As the number one rated Netflix movie in the United States right now, I just had to take my own look at Mark Wahlberg’s latest film, “Spenser Confidential.” Normally, I’m not a big fan of action movies except the Fast and Furious series, but this movie was good to say the least. If you like any of Mark Wahlberg’s other action films or if you like Post Malone, believe it or not, you’ll enjoy this movie, even if it’s just a little.

“Spenser Confidential” begins with a police officer named Spenser, played by Mark Wahlberg, landing in jail for beating up his police captain (Michael Gaston). Of course, he was trying to get to the bottom of a homicide coverup his captain orchestrated, but only the audience and Spenser know about that. The same holds true when he gets out of jail five years later after a send-off prison brawl with Post Malone’s character.

After leaving prison, Spenser plans to get the hell out of Dodge and restart his life in a peaceful neighborhood, but if you’ve seen any film Wahlberg is in, you’d know peace just wasn’t in the cards. When his old captain is murdered it becomes clear that the series of events that landed him in jail is hardly over, and he takes matters into his own hands. He also finds another officer with a gunshot wound to the head, who he knew back in the day. He realizes things are even more complicated when there are narcotics supposedly found in the other officer’s home.

With this resolution, he creates his own vigilante family with his new roommate Hawk and his old boxing coach Henry.

Now Henry, played by Alan Arkin, has enough charisma as an actor to make the film at least a little fun. He has the whole “I don’t understand how to use facetime” scene that creates a little giggle or two and a scene where he chats the ear off a baddie who’s taken him hostage that helps make it a funny yet active film. Winston Duke, who plays Spenser’s roommate Hawk, who is best known for his performances in the “Black Panther” and “Us,” shows the audience that there isn’t a scene in which he can’t steal the spotlight.

Mark Wahlberg, by contrast, isn’t such an adaptable performer.
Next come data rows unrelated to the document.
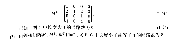 【题目解析】:长度为几的通路就是矩阵的几次方中的数相加,回路为几就是对角线相加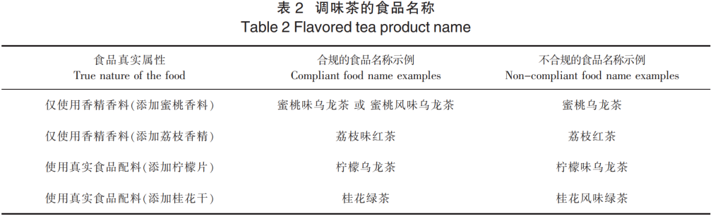 与2009版相比,2025版《管理办法》第十六条(三)新增了一项规定“食品中没有添加某种配料,仅使用食品用香精、香料调配出该配料风味的食品,且在食品名称中体现该配料风味的,应当在名称中冠以‘某味’‘某风味’等字样。”随着消费的多样性,除传统的茶类外,增加了各式香精、香料调配的新式茶饮,不同调味茶的食品名称如表2所示。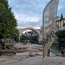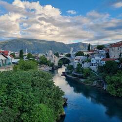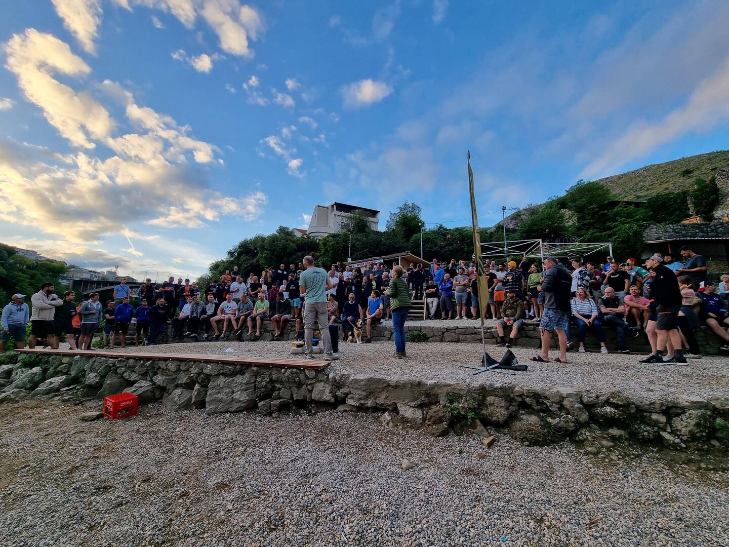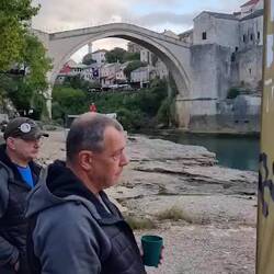 Das heutige Briefing ist direkt an der Brücke in Mostar, die wir gestern schon erkundet haben.

He can achieve greatness with the right kind of role, usually aggressive types (“The Departed”), or by lampooning that image (“The Other Guys”) or with the right director (“Boogie Nights”). But without any kind of strong backbone, he tends to falter in his abilities. His performance in “Spenser Confidential” amounts to a Saturday Night Live impression of himself, rather than a compelling character.
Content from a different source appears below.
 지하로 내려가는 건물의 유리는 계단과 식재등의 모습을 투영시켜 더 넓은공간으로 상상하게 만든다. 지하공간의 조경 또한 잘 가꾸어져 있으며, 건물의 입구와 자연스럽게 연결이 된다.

Overall, the film was good. It had a good storyline, good plot, good climax and the cliffhanger was good; but that’s all it was: good. I wasn’t overly impressed with how it turned out. As far as action movies go, it wasn’t one of my favorites and there wasn’t enough of a funny atmosphere to consider it a comedy either. I like Mark Wahlberg in just about any comedy movie he’s in, but “Spenser Confidential” just did not hit the same mark for me as any of his other films did. Given the good storyline and the decent acting done by Wahlberg, Arkin and Duke, I would rate this film a 4/10; keep in mind the only reason I didn’t give it a 3/10 rating was because of the amount of gore in the fighting. If you absolutely love Wahlberg, this film is for you. If you’re obsessed with Post Malone, this film is for you. But for me, it just didn’t hit the mark, despite being rated number one on Netflix in the United States.